The Independent article cites another recent case, where a woman sued after putting cleaning fluid on her baby’s nappy instead of baby oil because she was distracted by her BlackBerry. [We sympathize with this poor working mom for making such a common mistake in the nursery. No question, it’s her employer’s fault.]
One study reveals that nine out of every 10 users have a compulsive need to check for messages and that nearly half experience long-term negative consequences associated with carrying a BlackBerry. A survey of business workers by researchers at the Sloan School of Management at Massachusetts Institute of Technology in the US found that employees were constantly tired because they were waking up in the middle of the night to check or send messages. One interviewee likened the sense of potential gain from staying in touch with work to “pulling the lever of a slot machine”.
24/7 = Always at Work
A professor at Rutgers’s School of Business, Gayle Porter, predicts in a soon-to-be-published study that disgruntled workers who feel they are unable to turn off their personal digital assistants and mobile telephones will begin suing their employers for their technology addictions — and that such lawsuits could potentially cost corporate America hundreds of millions of dollars.

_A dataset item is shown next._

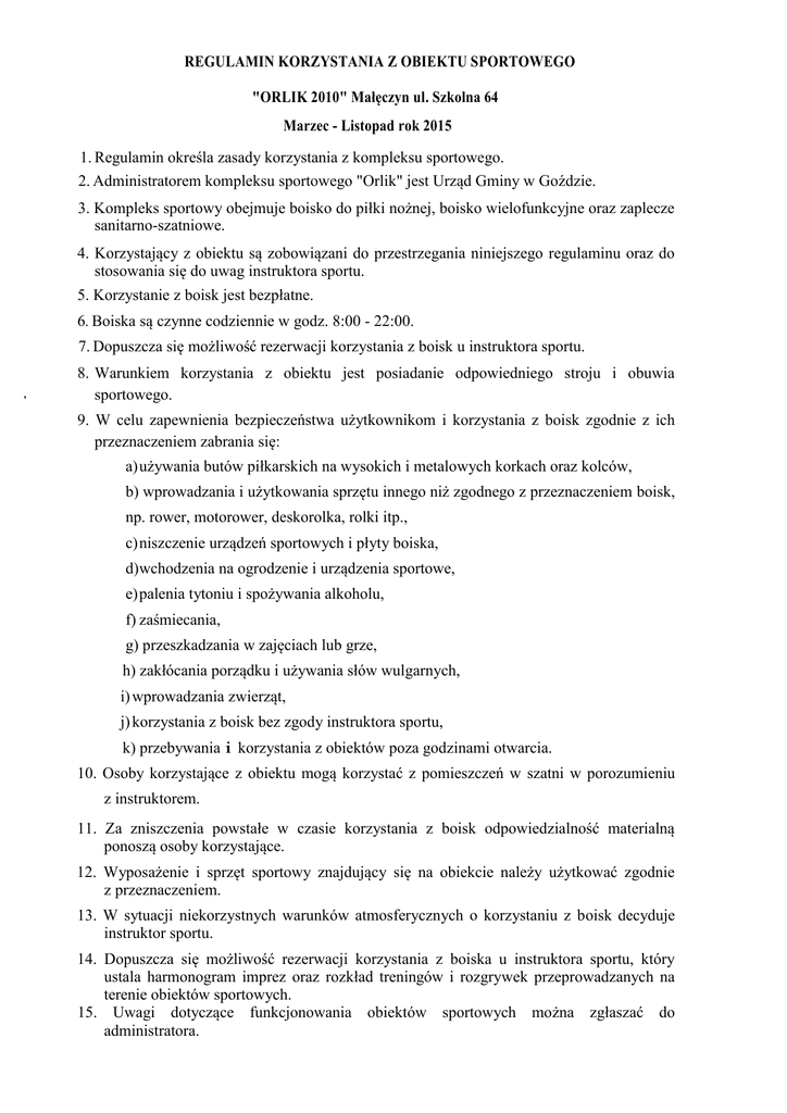 REGULAMIN KORZYSTANIA Z OBIEKTU SPORTOWEGO "ORLIK 2010" Małęczyn ul. Szkolna 64 Marzec - Listopad rok 2015 1. Regulamin określa zasady korzystania z kompleksu sportowego. 2. Administratorem kompleksu sportowego "Orlik" jest Urząd Gminy w Goździe. 3. Kompleks sportowy obejmuje boisko do piłki nożnej, boisko wielofunkcyjne oraz zaplecze sanitarno-szatniowe. 4. Korzystający z obiektu są zobowiązani do przestrzegania niniejszego regulaminu oraz do stosowania się do uwag instruktora sportu. 5. Korzystanie z boisk jest bezpłatne. 6. Boiska są czynne codziennie w godz. 8:00 - 22:00. 7. Dopuszcza się możliwość rezerwacji korzystania z boisk u instruktora sportu. . 8. Warunkiem korzystania z obiektu jest posiadanie odpowiedniego stroju i obuwia sportowego. 9. W celu zapewnienia bezpieczeństwa użytkownikom i korzystania z boisk zgodnie z ich przeznaczeniem zabrania się: a) używania butów piłkarskich na wysokich i metalowych korkach oraz kolców, b) wprowadzania i użytkowania sprzętu innego niż zgodnego z przeznaczeniem boisk, np. rower, motorower, deskorolka, rolki itp., c) niszczenie urządzeń sportowych i płyty boiska, d)wchodzenia na ogrodzenie i urządzenia sportowe, e) palenia tytoniu i spożywania alkoholu, f) zaśmiecania, g) przeszkadzania w zajęciach lub grze, h) zakłócania porządku i używania słów wulgarnych, i) wprowadzania zwierząt, j) korzystania z boisk bez zgody instruktora sportu, k) przebywania i korzystania z obiektów poza godzinami otwarcia. 10. Osoby korzystające z obiektu mogą korzystać z pomieszczeń w szatni w porozumieniu z instruktorem. 11. Za zniszczenia powstałe w czasie korzystania z boisk odpowiedzialność materialną ponoszą osoby korzystające. 12. Wyposażenie i sprzęt sportowy znajdujący się na obiekcie należy użytkować zgodnie z przeznaczeniem. 13. W sytuacji niekorzystnych warunków atmosferycznych o korzystaniu z boisk decyduje instruktor sportu. 14. Dopuszcza się możliwość rezerwacji korzystania z boiska u instruktora sportu, który ustala harmonogram imprez oraz rozkład treningów i rozgrywek przeprowadzanych na terenie obiektów sportowych. 15. Uwagi dotyczące funkcjonowania obiektów sportowych można zgłaszać do administratora.

“If companies develop a culture in which people are expected to be available 24 hours a day, then they should be prepared for the physical and psychological consequences,” Mrs. Porter said. “Addicts exhibit extreme behavior and have no control over themselves. So a corporation handing someone a BlackBerry on his first day of work could be seen as enabling, even accelerating, a serious addiction to technology.”
Be Forewarned
The trends are clear, the dangers incontrovertible. Uncontrolled use of Blackberry-type devices can lead to physical, mental and social debilitation. Someone is bound to announce the development of a new 12 step program for Crackberry addicts. The road to recovery will begin with the assertion that “I am an addict.” Meanwhile, employers should develop comprehensive written warnings to accompany the provision of any PDAs. These guidelines should set clear parameters for appropriate Blackberry use. With half the marriages in this country already ending in divorce, employers need to avoid any possible inference that work – and work-provided equipment – is a significant cause of marital discord. In the ever-expanding definition of risk management, this is one area where increased vigilance – and a few disclaimers – are definitely in order.